文:陈夏红 出处:新京报 2007年9月
“人大、法大”之争是一个很中国化的论题,尤其是在改革开放初期的学术讨论中。关于这个论题,表面上看来,问题的提出仅仅是想确认究竟是领导干部个人的权力大还是法律的效力大。答案如果是前者,那么即意味着“人治”;而答案如果是后者,则意味着“法治”。这个话题在二三十年前可以说是中国法学、政治学重建时一个绕不开的话题,但在今天,它已经丧失其学术意义,仅仅是在涉及违法行为如山东人大代表机场打人事件时,才可能成为舆论表达愤慨时的追问。
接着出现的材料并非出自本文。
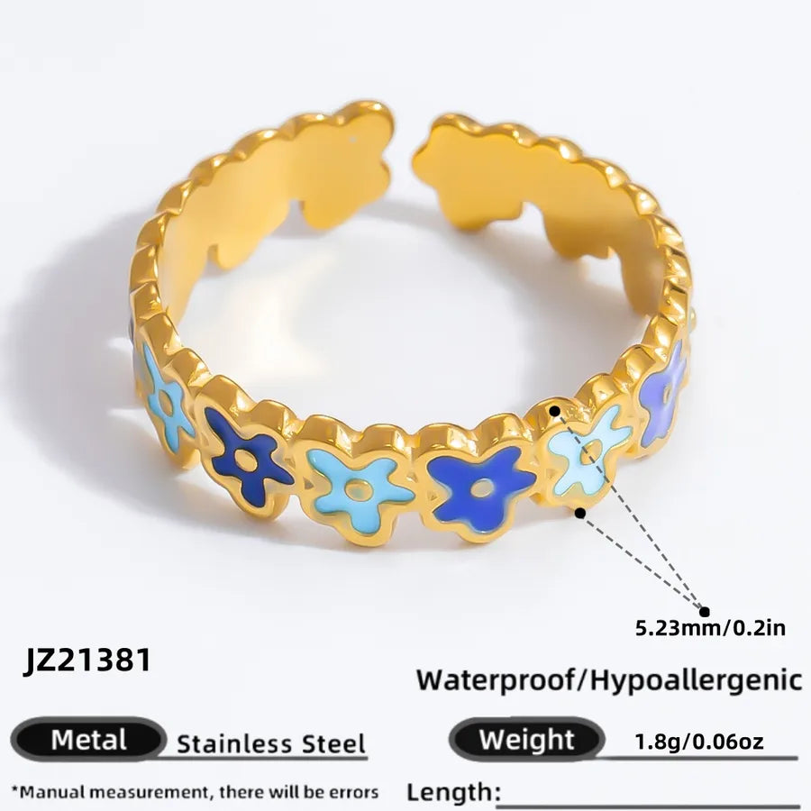 Embrace elegance and style with our exquisite collection of adjustable gold-plated rings. Each piece showcases a vibrant array of colors and patterns, expertly designed to add a touch of glamour to any outfit.

这个话题的经久不衰,甚至还演绎出了一个幽默:中国人民大学简称“人大”,中国政法大学简称“法大”,当“人大”和“法大”的法学教授们在一起,总是免不了互相揶揄:究竟是人大还是法大?一语双关也。
正所谓太阳底下无新事,著名政治哲学家霍布斯晚期作品《哲学家与英格兰法律家的对话》(以下简称“对话”,夏红注),所讨论的主旨,其实也正是这个我们耳熟能详的“人大还是法大”的话题。为什么这么说呢?在“对话”中,霍布斯以“哲学家”自命,而以“法律家”暗指爱德华·柯克爵士,站在批判普通法传统的立场,提出论点:法官是在司法事务中代表主权者的执行者。具体地说,霍布斯认为代表国王意旨的自然法,其效力先验地高于以经验理性为立足点的制定法,由此认为法官在司法审理中应该更多依据自然法的精神而不是制定法的条文;而爱德华·柯克爵士的主张恰恰与此相反,柯克更加相信经验理性,认为制定法才是司法活动中的出发点和落脚点,制定法才堪担当法官审理中的“指南针”,除了法条本身之外,法官不应臣服于任何权威。双方接下来的“对话”只是在这个大前提下关于具体问题的辩论而已。
根据译者的说明,这本“对话”并不是一部已经杀青的书稿,其开头和结尾同样突然。霍布斯在给他的传记作者约翰·奥布雷的信中指出,“论法律的著作,最终是不完整的……克罗克先生未得到我的同意就印刷了它”。但无论如何,这一点并不能掩盖这么一个显而易见的事实,即“对话”的核心观点和作者的名著《利维坦》,有着一以贯之的连续性。当然,《利维坦》主要讲的是霍布斯以他的人性观和自然法学观为指针,全面讲述其有关国家的理论,而其中有关“人大、法大”之争的叙述,只不过是全书很小一部分的内容。但是在“对话”中,霍布斯则完全围绕这个话题,以爱德华·柯克为主要论辩对手,从理性、主权、国王、法院、审判、刑罚等等具体问题切入,对其政治哲学做了比较全面的勾勒。我想这也是译者之所以在“对话”中附录《利维坦》中论述法律和司法有关章节的一个基本考虑。
既然柯克爵士成为了霍布斯在这本书中以“法律家”来命名的假想敌,那么这种虚拟“对话”的一边倒形势就完全不可避免了。在“对话”中我们几乎随时可以发现,“哲学家”总是很轻而易举地将“法律家”问得哑口无言,后者总是自觉不自觉地掉入前者设定的逻辑陷阱之中;而“法律家”对“哲学家”的反诘,则总是显得有气无力,虽然处处以柯克的言论为最高指示,但不管是碧血剑还是鸳鸯刀,总是在“哲学家”四两拨千斤的太极武功中轻易消解于无形。
那么,柯克和霍布斯的观点之间,究竟有着怎样的异同呢?这就得仰仗于同一译者翻译的另外一本著作,即小詹姆斯·R·斯托纳在其博士论文基础上改定的《普通法与自由主义理论———柯克、霍布斯及美国宪政主义之诸源头》了。斯托纳在这本著作中,将美国宪政主义上溯到几乎截然相反的两个源头:柯克所张扬的普通法精神以及霍布斯所代表的自由主义传统,并分别追溯其源流,最终对美国宪政主义的形成做了合理的解释。斯托纳之所以认为两种大相径庭的理论渊源能够和平共处,并在美国的政治实践中历经上百年而不衰,主要的一个原因,就是霍布斯在坚持自己的自由主义立场的前提下,对普通法的实质论题尤其是犯罪与刑罚,做了有利于自身的批判和重述,甚至包括对普通法实践中细枝末节如陪审团的接受,从而构建自己的以理性为落脚点的自然法体系。“对话”则是能够全面反映霍布斯这种雄心的文本。